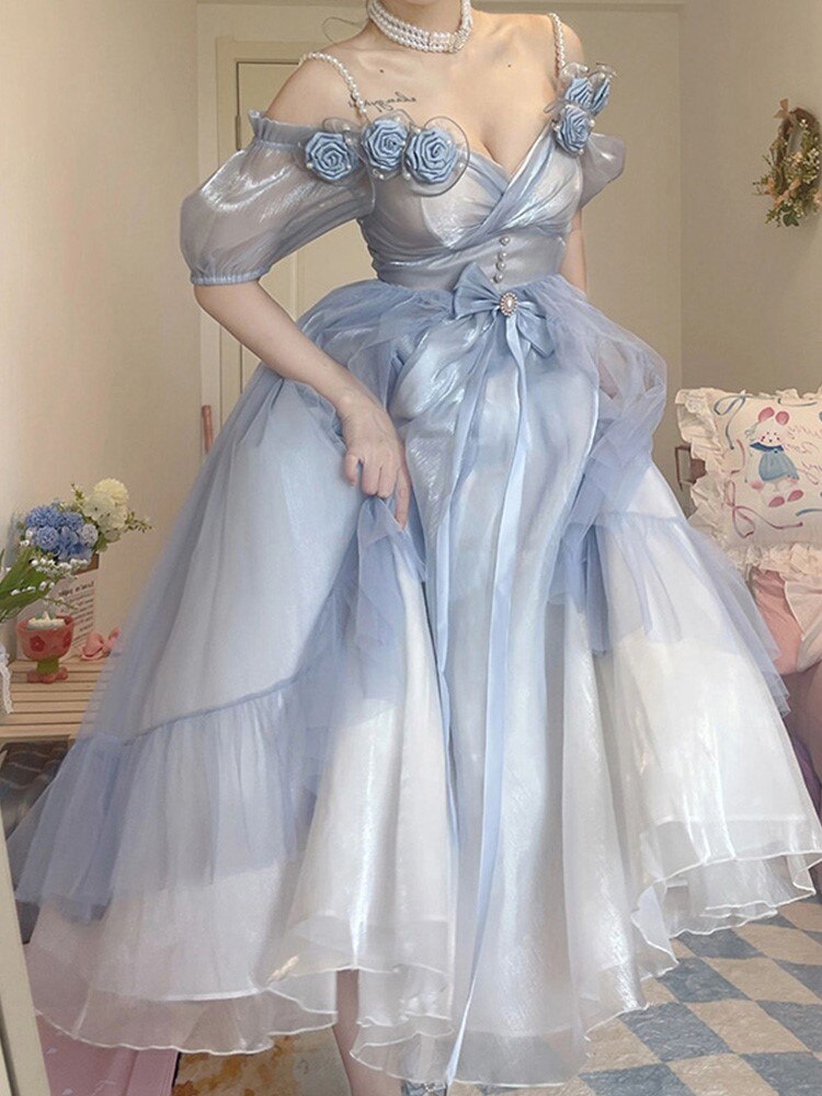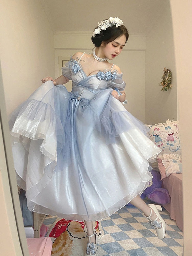 Flower Wedding Lolita Dress Light Gradient Blue Rose Fairy Princess Kawaii Sweet Elegant Lolitas Tea Party Dresses Victorian
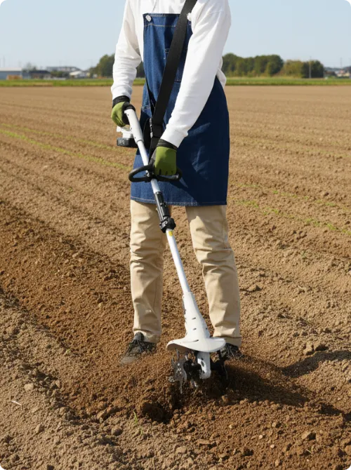 野菜づくりに欠かせない土づくりを、ミニ耕うん機で手軽に。
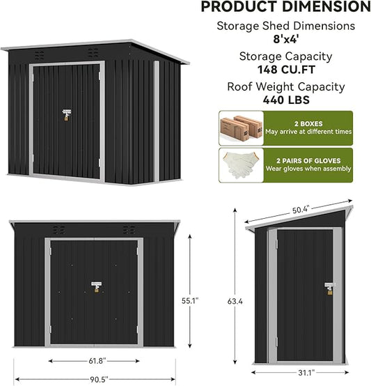 DWVO 8x4 FT Outdoor Weatherproof Storage Shed, Secure Metal Bike Shed w/Lockable Entry, Garden Storage Solution for Lawn Equipment, Tools, Waste Bin, Dark Gray
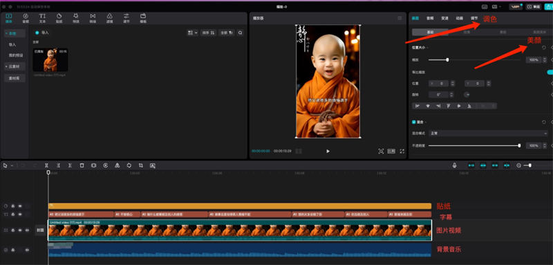 将第四步生成的视频导入到剪映里,识别字幕、添加背景音乐、调色、混合等等方式制作原创视频。比如通过第三款工具,给小和尚背景添加寺庙、山水、下雨等背景特效,这样让视频变得更丰富些。
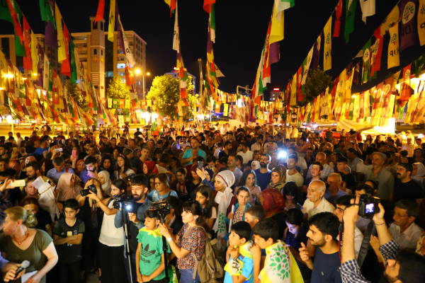 Li çar aliyên bajêr al, pankart û afîşên HDP'ê, wêneyên namzetê Serokkomariyê Selahattîn Demîrtaş û namzetên parlamenteriyê yên Amedê hene. Lewma li her devera bajêr xeml û rengê HDP'ê heye.
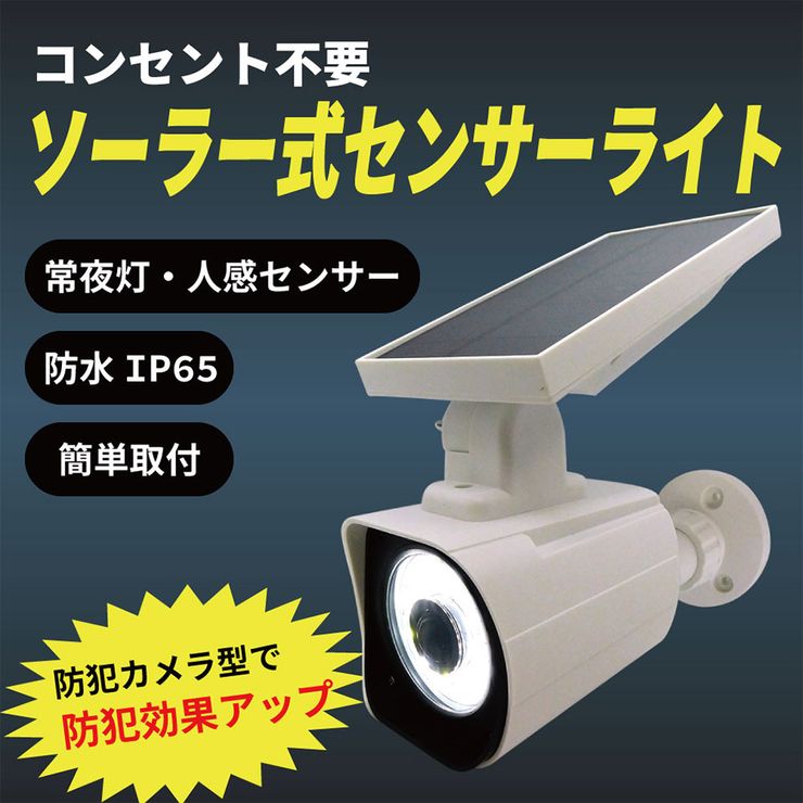 商品名 ソーラー式センサーライト/防犯カメラ形状タイプ 商品情報 ・防犯カメラ形状のLEDライトで防犯効果大 ライトのデザインを防犯カメラすることで、見た目で防犯対策ができます。

Task goal => What you give back should be exactly the lines from the line holding "DWVO 8x4 FT" through the final line of the material, both ends included, and please leave out the pictures.

Exercise result =>
 DWVO 8x4 FT Outdoor Weatherproof Storage Shed, Secure Metal Bike Shed w/Lockable Entry, Garden Storage Solution for Lawn Equipment, Tools, Waste Bin, Dark Gray
 将第四步生成的视频导入到剪映里,识别字幕、添加背景音乐、调色、混合等等方式制作原创视频。比如通过第三款工具,给小和尚背景添加寺庙、山水、下雨等背景特效,这样让视频变得更丰富些。
 Li çar aliyên bajêr al, pankart û afîşên HDP'ê, wêneyên namzetê Serokkomariyê Selahattîn Demîrtaş û namzetên parlamenteriyê yên Amedê hene. Lewma li her devera bajêr xeml û rengê HDP'ê heye.
 商品名 ソーラー式センサーライト/防犯カメラ形状タイプ 商品情報 ・防犯カメラ形状のLEDライトで防犯効果大 ライトのデザインを防犯カメラすることで、見た目で防犯対策ができます。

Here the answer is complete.